Pictures do not belong in the copy. Write out exactly the lines from the one containing "2011年上半年專用車?yá" through the end of the data.

THE INPUT:
------------------------------
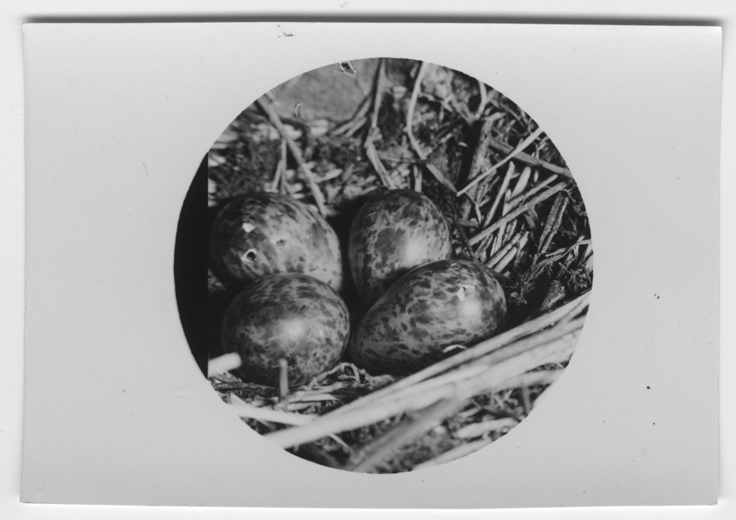 'Bo av roskarl, närbild på 4 ägg. Bilden rund. :: :: Ingår i serie med fotonr. 3495-3511.'
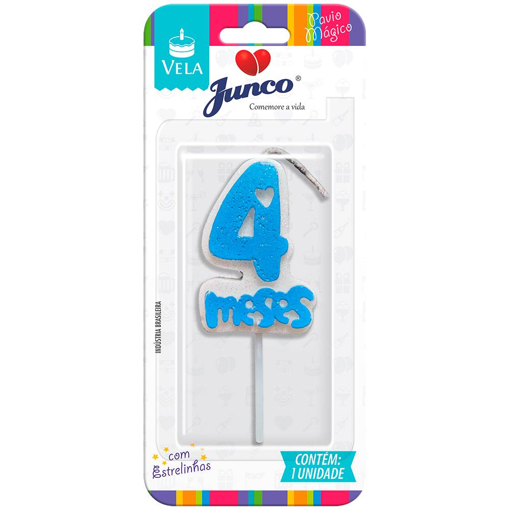Vela Aniversário Mesversário Azul 4º mês Junco
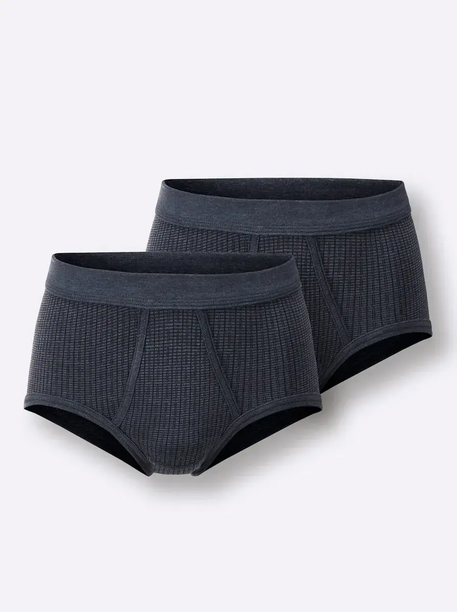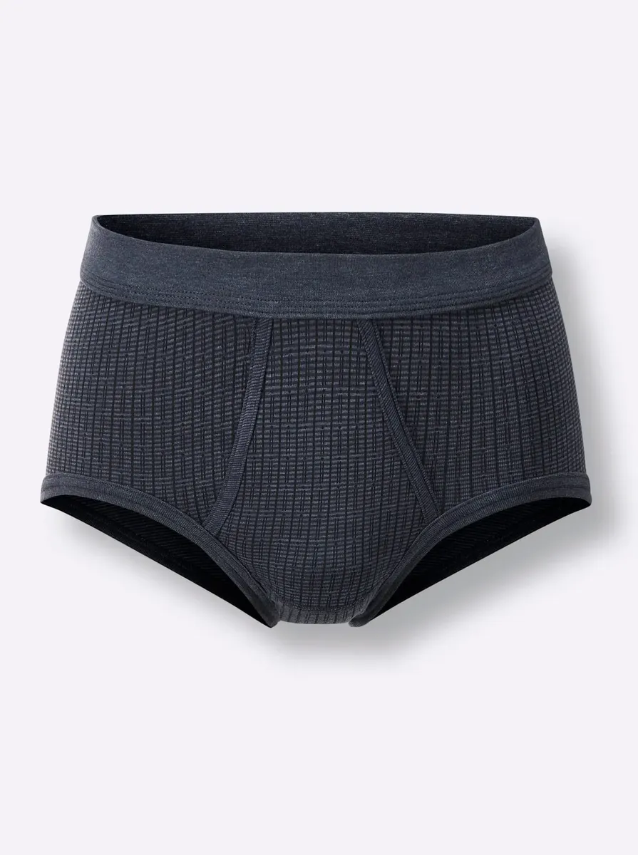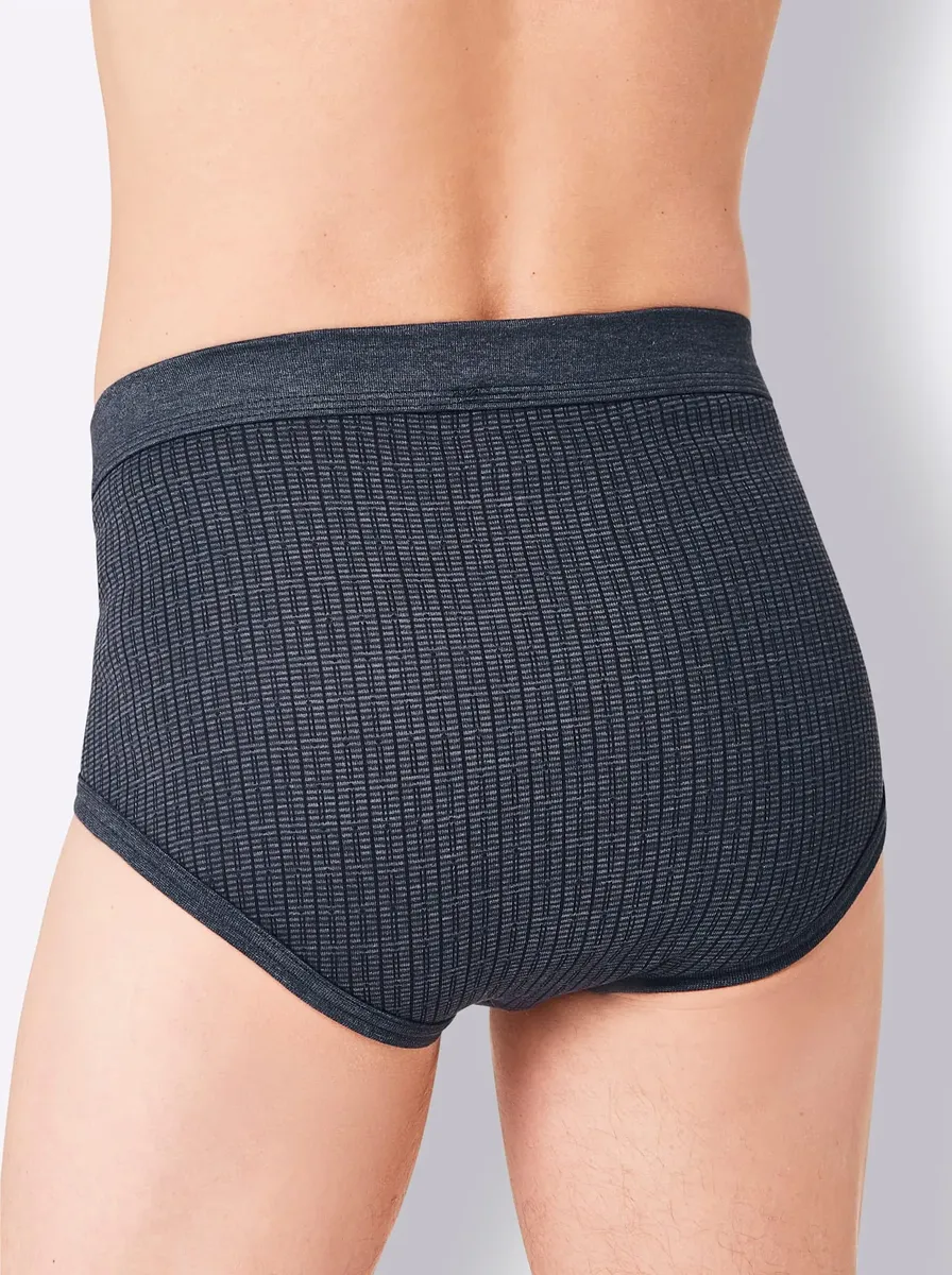 Климатическое волокно – для хорошего отвода влаги и оптимального регулирования климата: трусы с ширинкой и мягким поясом. Эластичные манжеты на ногах. Тонкое ребро. 75% хлопок, 25% полиэстер.
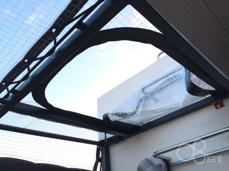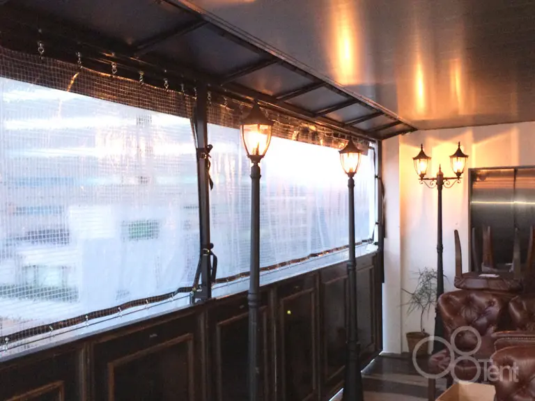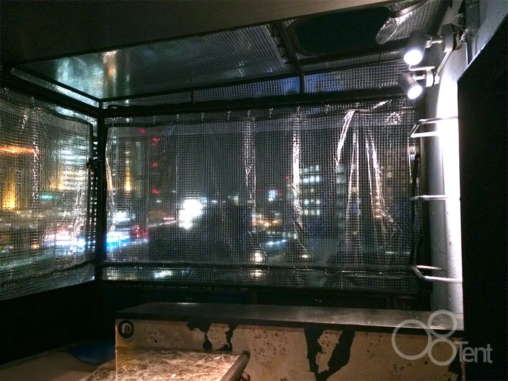 雨天時の雨の吹込みや、冷たい風を防ぐため、開口部を覆うように透明カーテンを取り付けています。
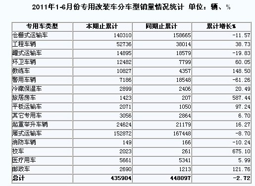 2011年上半年專用車?yán)塾?jì)銷量為43.6萬(wàn)輛,同比累計(jì)下降2.72%。
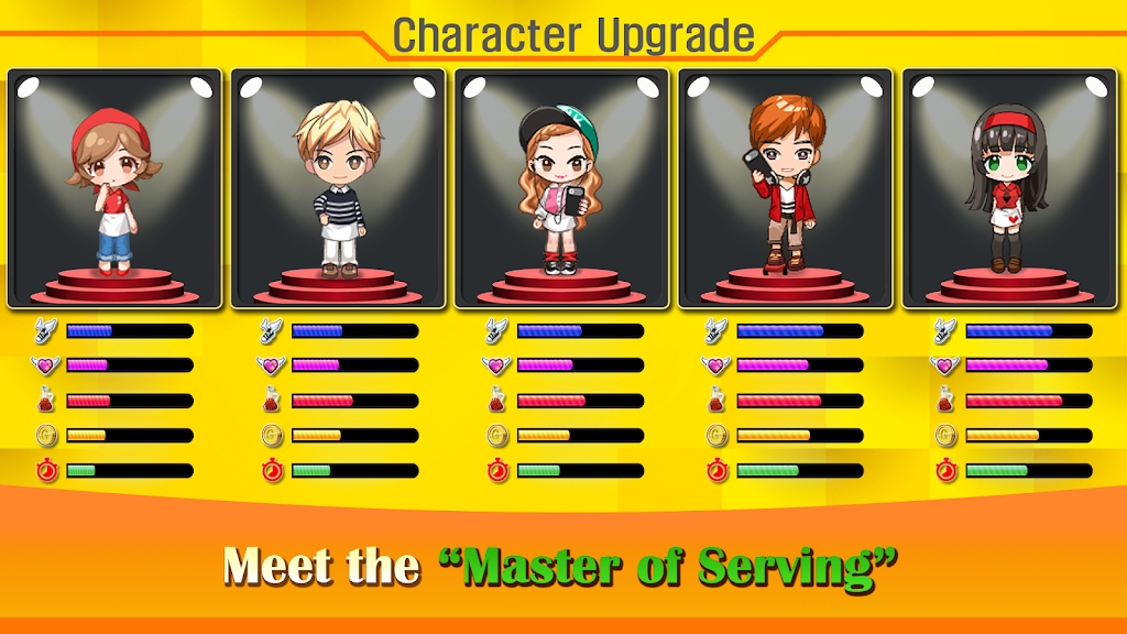 1、可爱的卡通画风,丰富的美食食谱,各种各样的美食将能够帮助我们更好的吸引客人。
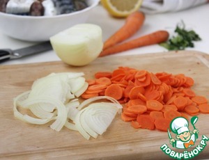 Рыбу вымыть, убрать внутренности, обсушить бумажным полотенцем, нарезать на кусочки толщиной 2 см. -
------------------------------
SOLUTION TO THE EXERCISE:
 2011年上半年專用車?yán)塾?jì)銷量為43.6萬(wàn)輛,同比累計(jì)下降2.72%。
 1、可爱的卡通画风,丰富的美食食谱,各种各样的美食将能够帮助我们更好的吸引客人。
 Рыбу вымыть, убрать внутренности, обсушить бумажным полотенцем, нарезать на кусочки толщиной 2 см. -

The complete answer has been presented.